**ENTRIES PROVIDED:**
┌──

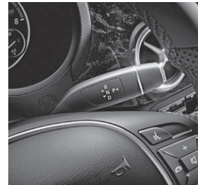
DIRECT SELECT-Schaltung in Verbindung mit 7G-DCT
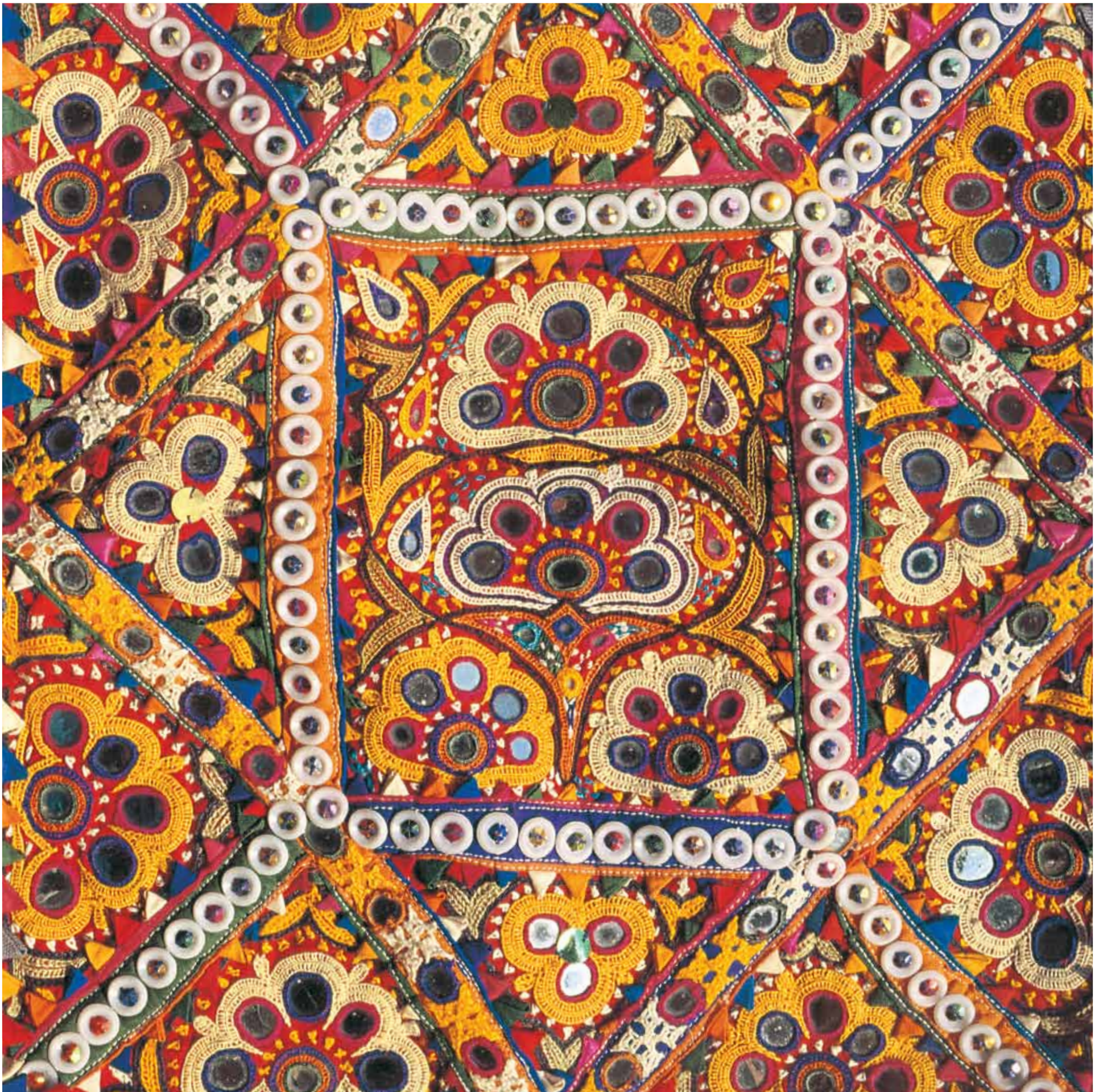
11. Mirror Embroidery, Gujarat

└──
┌──

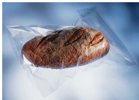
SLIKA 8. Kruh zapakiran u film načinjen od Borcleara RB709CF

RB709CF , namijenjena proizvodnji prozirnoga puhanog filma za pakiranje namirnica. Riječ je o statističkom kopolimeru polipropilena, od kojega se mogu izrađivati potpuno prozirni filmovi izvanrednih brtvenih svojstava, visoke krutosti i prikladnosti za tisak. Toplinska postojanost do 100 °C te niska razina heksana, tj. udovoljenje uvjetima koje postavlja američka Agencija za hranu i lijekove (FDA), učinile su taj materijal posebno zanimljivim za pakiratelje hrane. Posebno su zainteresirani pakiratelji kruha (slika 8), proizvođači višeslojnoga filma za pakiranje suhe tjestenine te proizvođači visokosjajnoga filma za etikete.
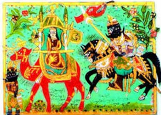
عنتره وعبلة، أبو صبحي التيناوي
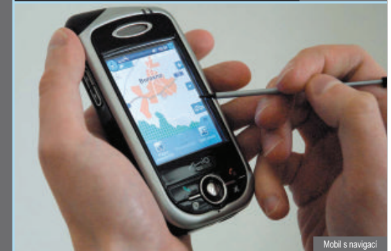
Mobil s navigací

└──
┌──

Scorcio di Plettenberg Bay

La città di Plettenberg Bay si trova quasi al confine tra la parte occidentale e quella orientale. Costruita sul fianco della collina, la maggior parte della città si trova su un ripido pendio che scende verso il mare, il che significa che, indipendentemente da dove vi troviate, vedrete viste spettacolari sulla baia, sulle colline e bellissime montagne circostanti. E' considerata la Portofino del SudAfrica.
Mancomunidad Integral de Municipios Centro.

└──

**BRIEF:** The answer is those lines of the material above that run from the one containing "DIRECT SELECT-Schaltung in" up to and including the one containing "11. Mirror Embroidery, Gujarat", restated exactly and without images.

**SOLUTION FOR THIS PROBLEM:**
DIRECT SELECT-Schaltung in Verbindung mit 7G-DCT
11. Mirror Embroidery, Gujarat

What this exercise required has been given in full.